O que não significa necessariamente o comprometimento de todo o filme. Na saída do cinema, depois da platéia dividida entre poucos aplausos, algumas vaias e muita indiferença, se formaram várias rodas de discussão. Algumas seguiram nos jantares. Mas a sala vazia da coletiva de imprensa hoje de manhã significava algo. Pena porque se Escalante não é, nem nunca foi, o mais entusiasmado em comentar seus filmes, deu boas pistas e fez defesa honrosa de suas escolhas. Adora Zulawski e Possessão foi referência para a região selvagem que ele explora. E sabemos que o título não é apenas literal e diz muito mais de distúrbios de comportamento. Para ele, a realidade oferece situações que a ficção convencional não consegue mais dar conta e é preciso lançar mão da fantasia. Não é proposta fácil, mas estamos aqui em um festival para isso, sermos desafiados. E no caso de Escalante o desafio vem na forma de vários tentáculos perturbadores.
A representação italiana
É o oposto da impertinência de Escalante os filmes italianos exibidos depois da produção para TV de Paolo Sorrentino. O diretor de A Grande Beleza mostrou dois dos dez episódios de The Young Pope, e seu impertinente Papa, o primeiro americano a ser eleito, deve incomodar mais a certa crítica que não compreende a veia cínica do realizador como crítica a tal Itália decadente do que o Vaticano. Ainda sim a Santa Sé terá muito a rebater sobre a figura midiática vivida por Jude Law que assume estar ali pelo poder. Afinal é americano e se fez no método self made man. Transita pelo palácio papal como num jogo de plano político, fazendo conchavos, debelando inimigos, e Silvio Orlando está ótimo como o cardeal de maior poder que não tolera os modos irascíveis e indomáveis do recém chegado. Espero que a co-produção HBO, Sky e outros canais no chegue para seguir o divertido contexto de intrigas.
A habilidade de humor cínico de Sorrentino é ainda mais evidente quando se impõe a corrida agenda de um festival um filme de envergadura fraca como Piuma. O título já diz tudo. É leve de deixar o vento levar, como uma pluma, a história de dois namorados adolescentes que detonam a confusão em família quanda a garota engravida. Seguem situações estereotipadas e diálogos histriônicos que só parecem estar numa seleção da qual se espera inovação por algum tipo de interesse entre produtores locais e o comando de Veneza. Já houve coisa pior, é verdade, em se tratando de filmes da casa. Mas isso parecia ter mudado com a volta de Alberto Barbera à direção. Que seja caso único, aliás muito vaiado pelos poucos jornalistas que levantaram cedo para ver o filme de Roan Johnson.
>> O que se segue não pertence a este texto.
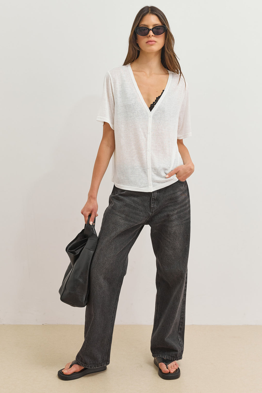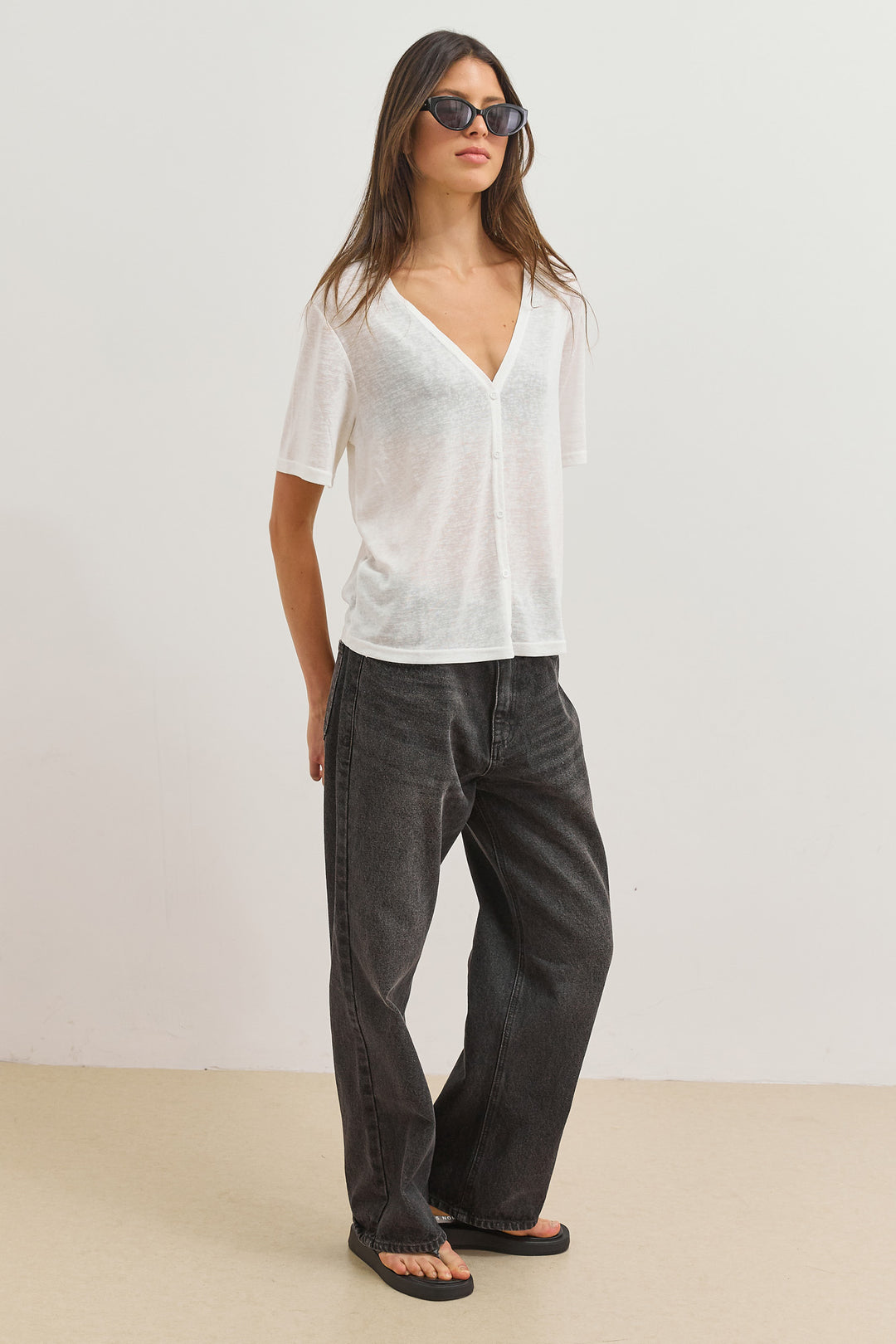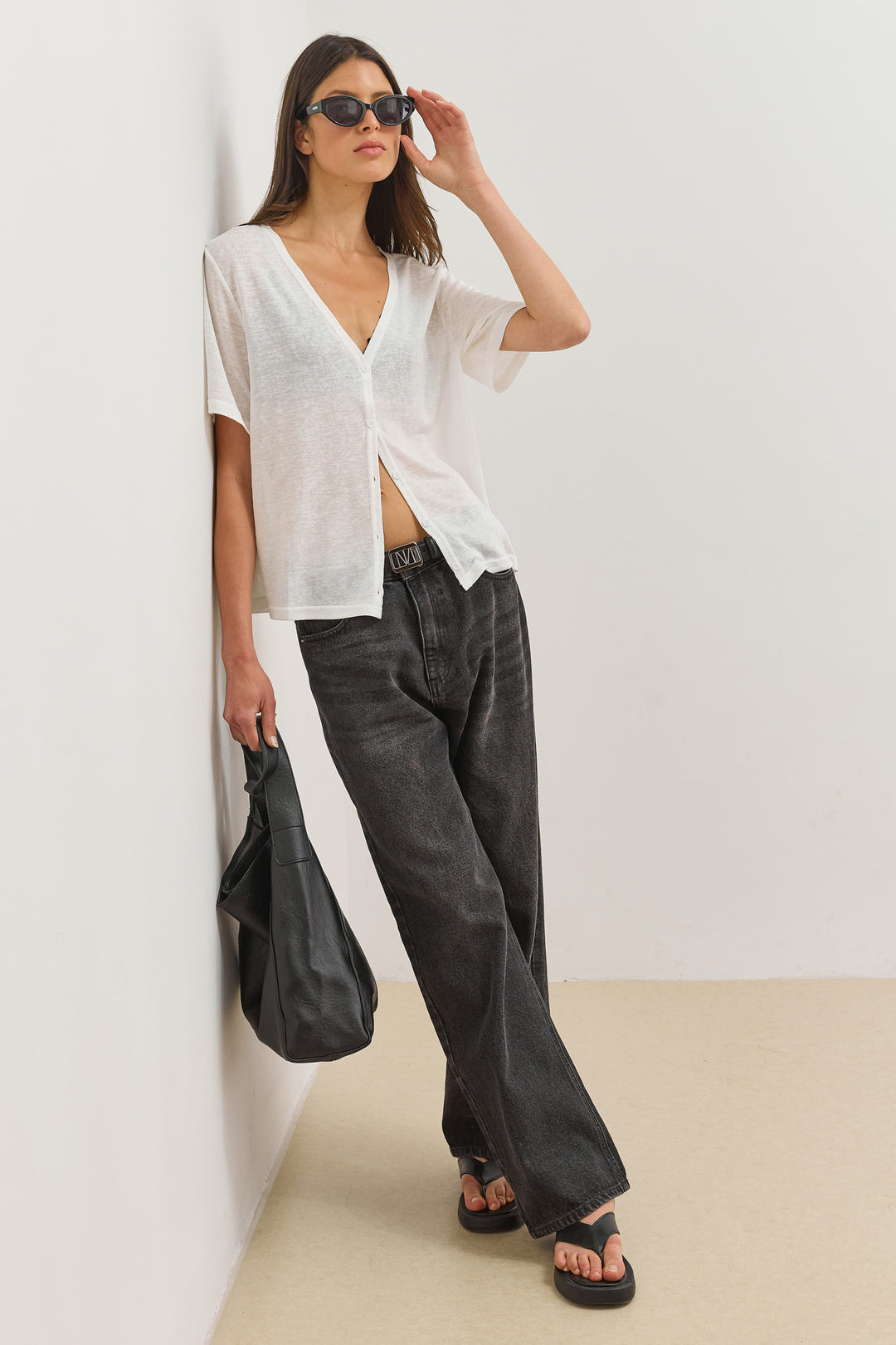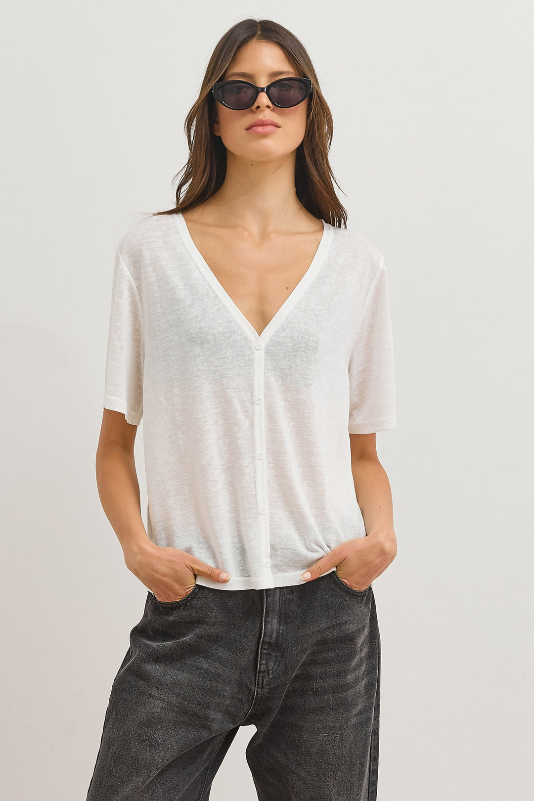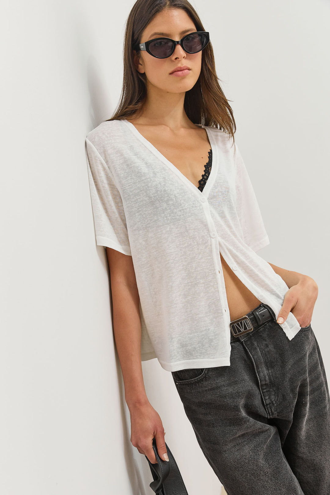 חולצת כפתורים בילי מחשוף וי | לבן

Em outra linguagem, e também em nível um pouco mais apurado, veio o documentário local Spira Mirabilis. Depois de Veneza de certo modo ter inovado ao premiar com o Leão de Ouro Sacro GRA, de Gianfranco Rosi, e Berlim ter seguido na mesma batida com o filme seguinte deste, Fuocoammare, havia certa expectativa em conhecer a proposta da dupla Massimo D’Anolfi e Martina Parenti. E ela tem seu atrativo, um refinamento, em situações que vão sendo exploradas em paralelo. Há artesões que constróem grandes instrumentos de metal para percurssão, como tambores que se vê sendo tocados nas ruas das capitais européias. Em outro quadro, um cientista japonês estuda minúsculos seres do mar que saberemos serem medusas imortais, enquanto se acompanha ainda o restauro eterno do Duomo de Milão, ou ainda se houve uma voz feminina em francês narrar num cinema abandonado texto famoso de Borges sobre a imortalidade. No curso do filme não se explica o contexto de cada quadro e saberemos das intenções apenas ao final. São duas horas de duração e se exige empenho nem sempre recompensado. Pelo tratamento gráfico e imagens bonitas, com diálogos raros e mais no momento final, nota se certa semelhança com o cinema de Rosi. O que não é exatamente um ponto favorável porque este também tem momentos desequilibrados em seu cinema.